Saturday, 7 December 2013

Reading and writing the minutia of locked doors and windows (still a draught)

Couples, married or not, partners are the cards that frequently, if not by definition, lean on each other beyond the pale, to the n-th degree. Witness so many lessons of what love really is.

They bend and flex. Tested by history, timelines entwined, ties-that-bind, trying to persist in the hear and how.

Their psychological union is challenged as memories become eroded and physically frailty takes hold. Usually; mostly, on the one.

Eventually things, established relationships break and one or the other - should we say: finds themselves in - residential care.

Courtship enables us to become socialised to and with each other and respective families and in some instances other cultures and beliefs.

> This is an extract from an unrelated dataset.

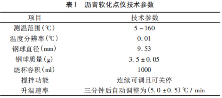 1. 1 儀器選用的是上海昌吉地質儀器有限公司生產的SYD - 2806G 型全自動瀝青軟化點試驗器,其各項指標如表 1。
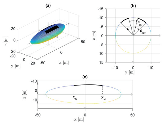 Considering HAA designed for a high-altitude pseudo-satellite (HAPS) mission, keeping the airship in a fixed position with respect to the ground, in the face of reasonably slow-varying (albeit intense) headwind, is performed by adopting an axial-symmetric geometry. As a matter of fact, for that type of mission the envelope geometry is typically based on a solid of revolution. In mathematical terms, these geometries can be assigned based on different modeling approaches [6,16,19,23]. In this work, in consideration of the applications which will be later presented (see Section 4), the low-drag bi-ellipsoidal shape designed by the NPL [19] is adopted, consisting of two semi-ellipsoids jointed at the maximum thickness longitudinal location. For this analytic geometry the envelope is completely defined by the overall length of the envelope L and its fineness ratio , with b minor semi-axis of the ellipsoid. However, it should be remarked that whatever the mathematical modeling, once the geometry of a solid of revolution is assigned, the corresponding features required for aerostatic, power capture, and structural integrity computations can be uniquely evaluated—namely, the fineness ratio , envelope volume and area of external surface, area of lateral projection , and position of the buoyancy center .

In this crucial transition sometimes there is learning through experience as respite care is sought.

In other cases health services wonder how this relationship has survived for so long. A crisis is a precipice for change. A chaotic invitation. Radical.

A sudden shift from what was home to a new world of corridors, r, ro, roo, room, rooms; my room? New noises and smells and altered routines and jumbled faces, touches, days and nights

The dolls of childhood are left behind, but may be picked up again literally as an emotional comforter. If not this then perhaps a ‘paper clad dol’ that is bound to be - ‘deprivation of liberty’.

In this new home, this person walks the corridor and inspects the minutia of the doors and windows. Staff pass by(e) waving by their walk - "so-busy-look-no-hands" while trying to be butterflies.

Butterflies that cannot say which way is ‘out’.

They are they. Difficult to follow with eye, head and a hand to catch. The individual recognises the whole of the comings and goings, the main thoroughfare. The strategic point, the nexus of comings and goings.

Something's not right though! I need to be somewhere else.

Sadly (or Usually), there is no going back.

Is there a pattern to this confused-coming-to-terms-with?

From asking repeatedly about being elsewhere, especially with the setting of the sun is there a shift in attempted reasoning? So correct, so responsible all those decades ago. Perhaps even months ago...

If no one will listen to me then perhaps if I have my wife/husband with me then they will see the importance of my cause, my mission.

See look - I have my wife, husband, partner with me now: we really need to go!

Can the residential care home support this person? Can they meet their care needs? They say they are ‘struggling’. Will they need to move – again?

How do they work through this transition? What do we know of how individuals negotiate this transition in their lives? How can we try to understand?

How do they make sense of what has happened, and where they now find themselves? Will their level of distress, agitation gradually extinguish as with their efforts to leave?

As they look to the windows, seek to traverse the doorway, cross the foreign threshold and venture to that somewhere that is not here, we know one thing.

Person centredness lies in the minutia of the life once lived through those locked doors and windows.

We can ‘open’ the doors and windows by travelling with them, together, sharing that journey, the sense of those times and upon returning help them adjust to this new listen and how. Clearly, deprivation of liberty is not a punishment here, yet it demands compensation by provision of high quality personalised care.